日本IBMでは、2024年3月中旬から共同研究を開始し、2024年7月までを「検証フェーズ」と位置づけて、watsonxを用いた価値検証を実施。2024年8月から12月までを「開発フェーズ」として、生成AIを活用した各ソリューションのアジャイル開発およびチューンアップを行う。2025年1月から3月までの「評価フェーズ」では、大阪国際がんセンターと生成AIおよびシステムの評価を行う予定。
TXP Medical:電子カルテデータの活用を促す生成AIアプリ開発
TXP Medicalでは、電子カルテのデータを活用可能にするデータウェアハウスを構築。これらのデータをクラウドプラットフォームにリアルタイムに転送し、標準化されたデータとして活用できるようにする。クラウド上にデータを保管することで、災害発生時の利用も可能になる。さらに生成AIを利用して、医師や看護師の通常の業務を通じてデータを収集できる仕組みを確立するほか、標準化された蓄積データの中から研究上重要な情報の自動抽出も行うという。
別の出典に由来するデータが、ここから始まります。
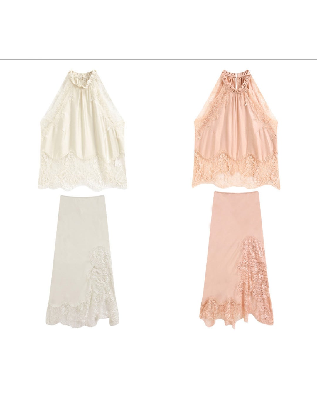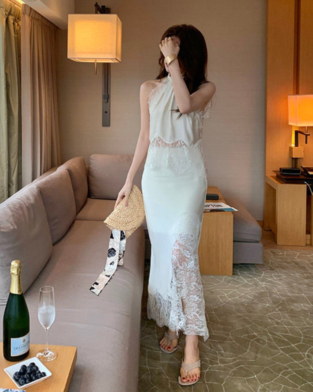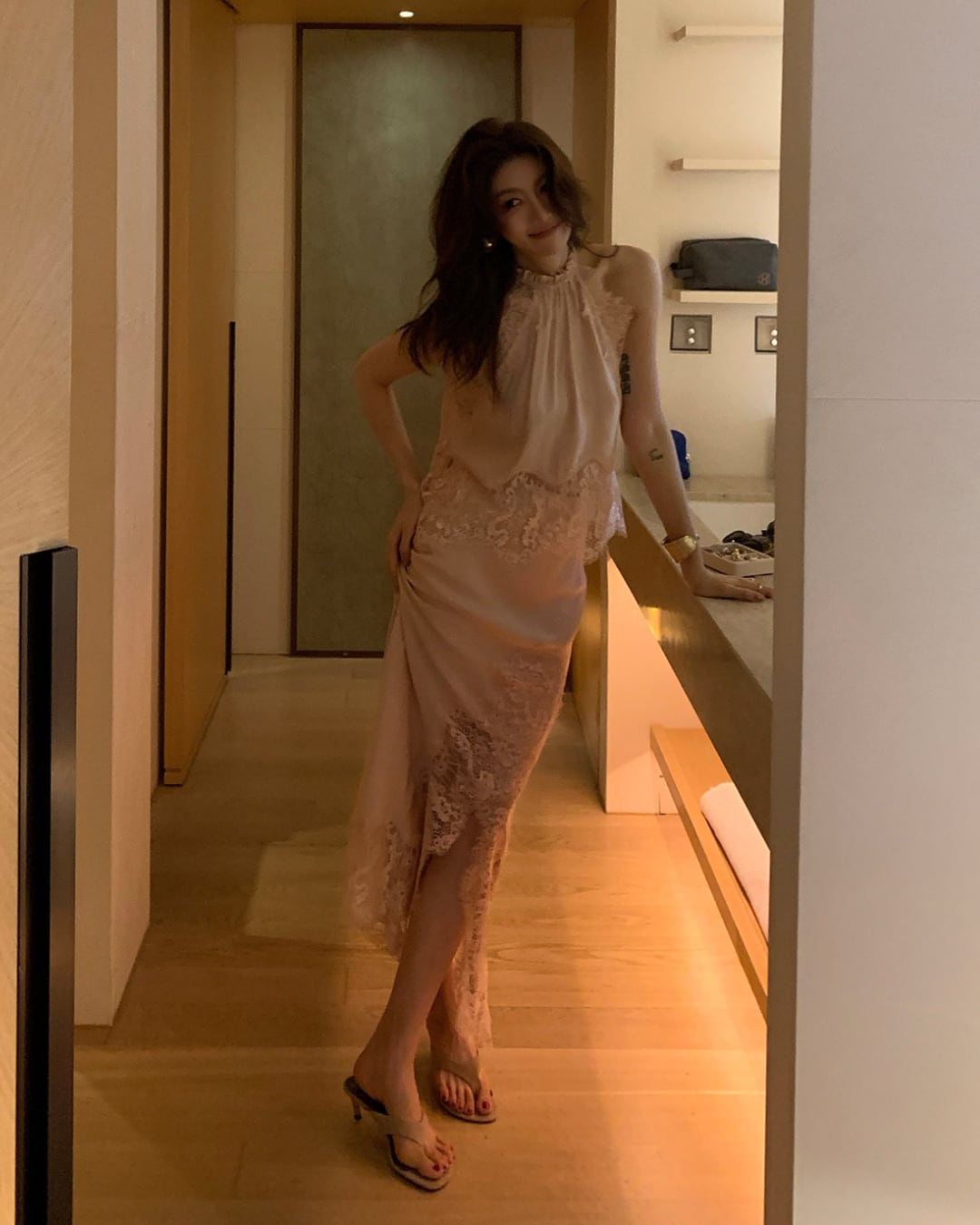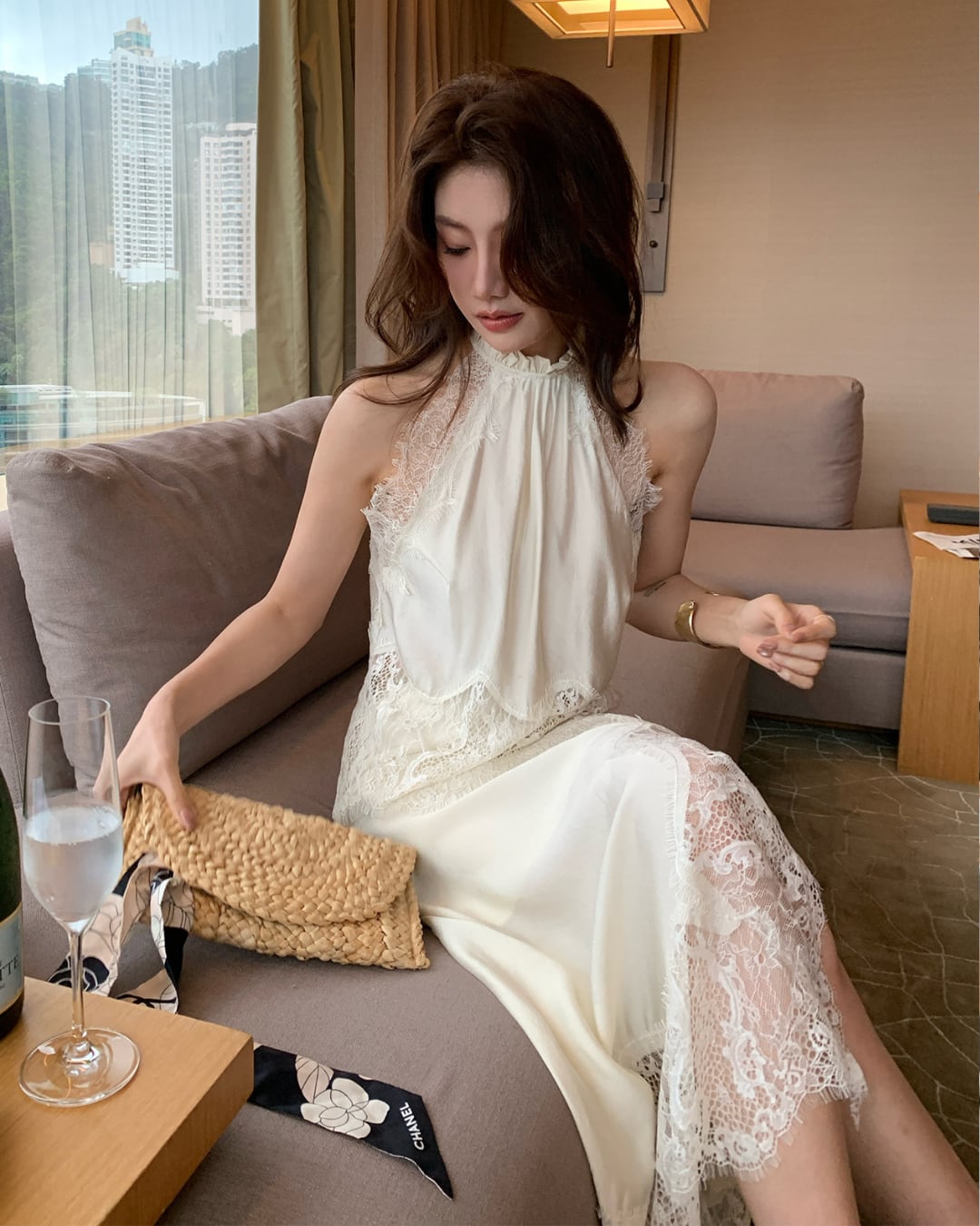 #セットアップ #レーストップス #ロングスカート #ホルターネック #大人フェミニン #韓国ファッション #上品コーデ

TXP Medical代表取締役の園生智弘氏は、「医療現場に根ざしたLLMを用いた入力支援技術を開発し、これと医療データの標準化技術を組み合わせる」と説明した。
「プロジェクトマネージャーには臨床現場を理解しているメンバーを据えて、技術と現場に根ざした体制で取り組む。医療現場が幸せに働くことができ、患者に価値を提供できる医療を実現できる」(園生氏)
同社は救急医療に関するスタートアップ企業で、救急部門のデジタル化を促進する「NEXT Stage ER」は92病院に導入。大学病院の救急医療センターにおいては35%のシェアを持つ。また、救急搬送のデジタル化を行うモバイルツールである「NSER mobile」も開発し、カバー人口は800万人に達している。医療データの標準化を支援する「XHAP DWH」では、全診療科の電子カルテを利用できるようにし、400床以上の大規模病院を中心に30病院が導入。1000万人に迫るデータベースを構築している。